How to set different learning rate for weight and bias in one layer?

In Caffe, we can set different learning rate for weight and bias in one layer.
For example:

layer {
    name: "conv2"
    type: "Convolution"
    bottom: "bn_conv2"
    top: "conv2"
    param {
       lr_mult: 1.000000*
   param {
        lr_mult: 0.100000
    convolution_param {
        num_output: 64
        kernel_size: 3
        stride: 1
        pad: 1
        weight_filler {
            type: "msra"
        bias_filler {
            type: "constant"
            value: 0

the learning rate of weight and bias is leaning rate*lr_mult.
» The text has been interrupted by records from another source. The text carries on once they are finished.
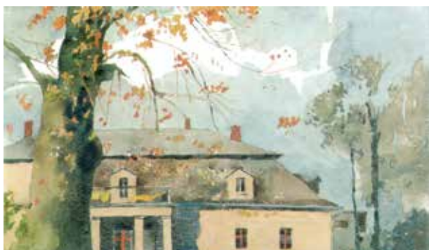
Akwarela autorstwa Sonii i Ireneusza Botorów przedstawiająca zabudowania dawnego dworu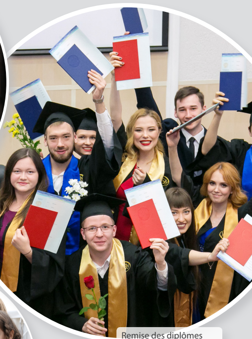
Remise des diplômes (juillet 2017)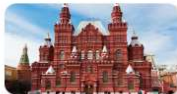
จักรีสแดง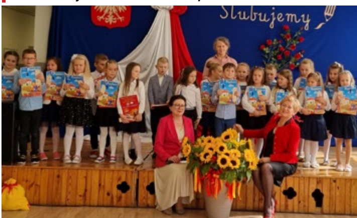
Ślubowanie pierwszoklasistów ze Szkoły Podstawowej w Gnieździskach.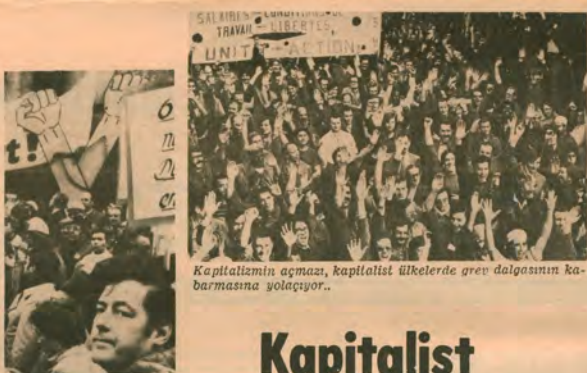
Kapitalizmin aşması, kapitalist ülkelerde grev dalgasının kabarmasına yol açıyor.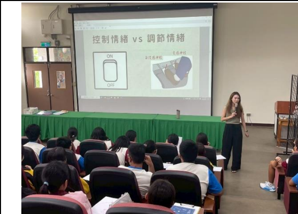
邀請心理師，辦理心理健康講座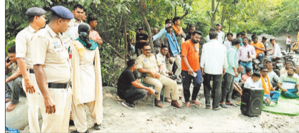
प्रदर्शनकारियों को सम्झाइश देती पुलिस।

सीतामढ़ी गौमाता चौक से उरगा जाने वाले रोड पर राखड़ परिवहन व कोयला परिवहन को लेकर स्थानीय लोगों ने मोर्चा खोल दिया और स्थानीय लोगों ने गौमाता चौक में प्रदर्शन कर जमकर नारेबाजी की और प्रशासन का ध्यान आकर्षण कराया। स्थानीय लोगों ने अपने विभिन्न मांगों को लेकर जिला प्रशासन और पुलिस को ज्ञापन सौंपा है यदि जल्द ही उनकी मांग पूरी नहीं हुई तो आने वाले दिनों में उन्होंने उग्र आंदोलन करने की चेतावनी दी है।

In pytorch, is it possible to set different learning rate for weight and bias in one layer?
How to write the program?


This might help

1 Like

Thank you! I read the doc file. The Example seems to set different learning rate for different layers. The doc said we can use dict or param_group to set learning rate for different layers.
I’m new in pytorch. May be there is a way to set weight/bias wise learning rate, but I can’t find it.
would you please tell me more about this?Thank you.

The example shows how to set different parameters for layer.parameters() you just need to dig a little deeper into the details.

E.g. for a Linear layer, the weight and bias parameters are named mylayer.weight and mylayer.bias.

                {'params': mylayer.weight},
                {'params': mylayer.bias, 'lr': 1e-3}
            ], lr=1e-2, momentum=0.9)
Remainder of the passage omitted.